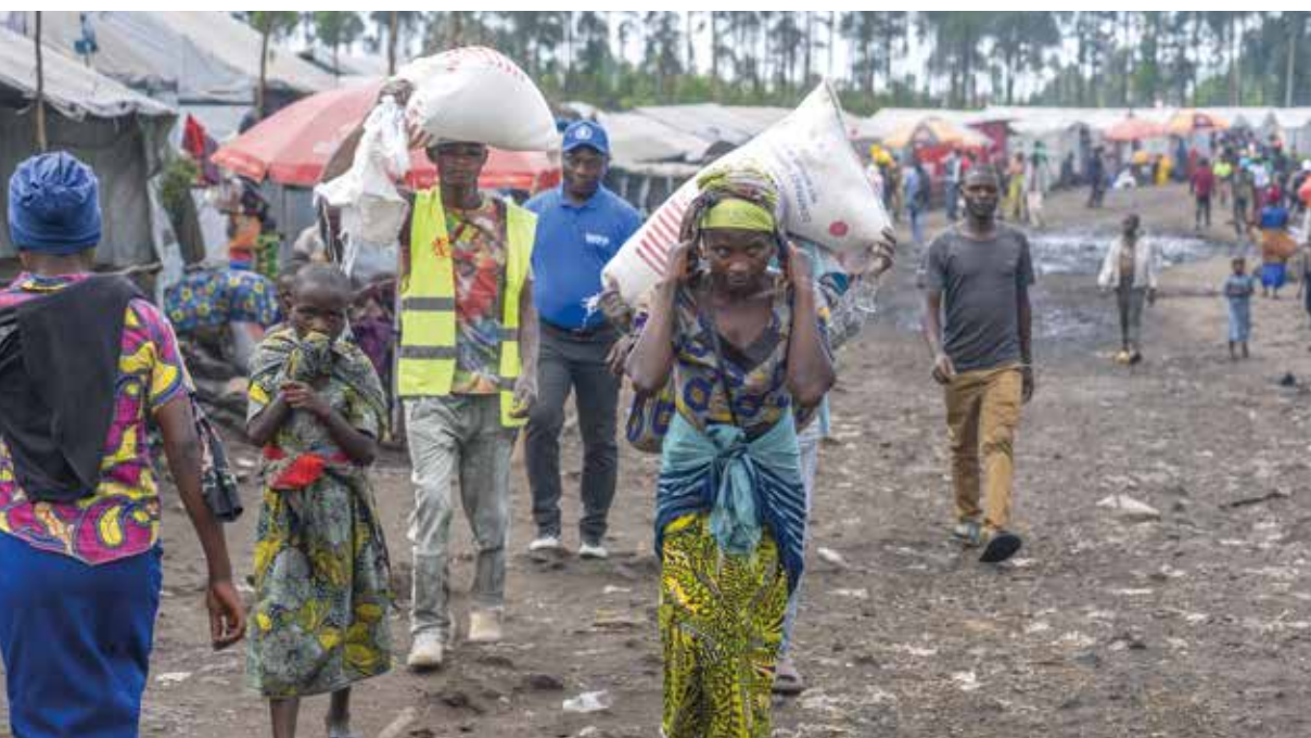
Food distribution in Rusayo, Democratic Republic of the Congo (DRC).

This section provides an overview of the key findings from the assessment, focusing on areas of strength and outlining issues that WFP will still need to address to ensure it remains fit for the future to fulfil its mandate of working to end world hunger and promote nutrition and food security through saving and changing lives.
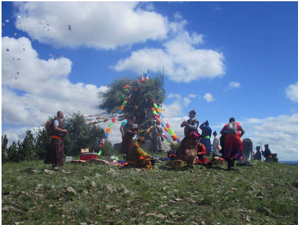
Figure 7. Buryat lama after reading prayers during Uitehen Ovoo ritual, Evenki Autonomous Banner, Hulun Buir, June 2019

What the task requires. Repeat the material line for line. Pictures stay out of the copy.

Exercise answer.
Food distribution in Rusayo, Democratic Republic of the Congo (DRC).

This section provides an overview of the key findings from the assessment, focusing on areas of strength and outlining issues that WFP will still need to address to ensure it remains fit for the future to fulfil its mandate of working to end world hunger and promote nutrition and food security through saving and changing lives.
Figure 7. Buryat lama after reading prayers during Uitehen Ovoo ritual, Evenki Autonomous Banner, Hulun Buir, June 2019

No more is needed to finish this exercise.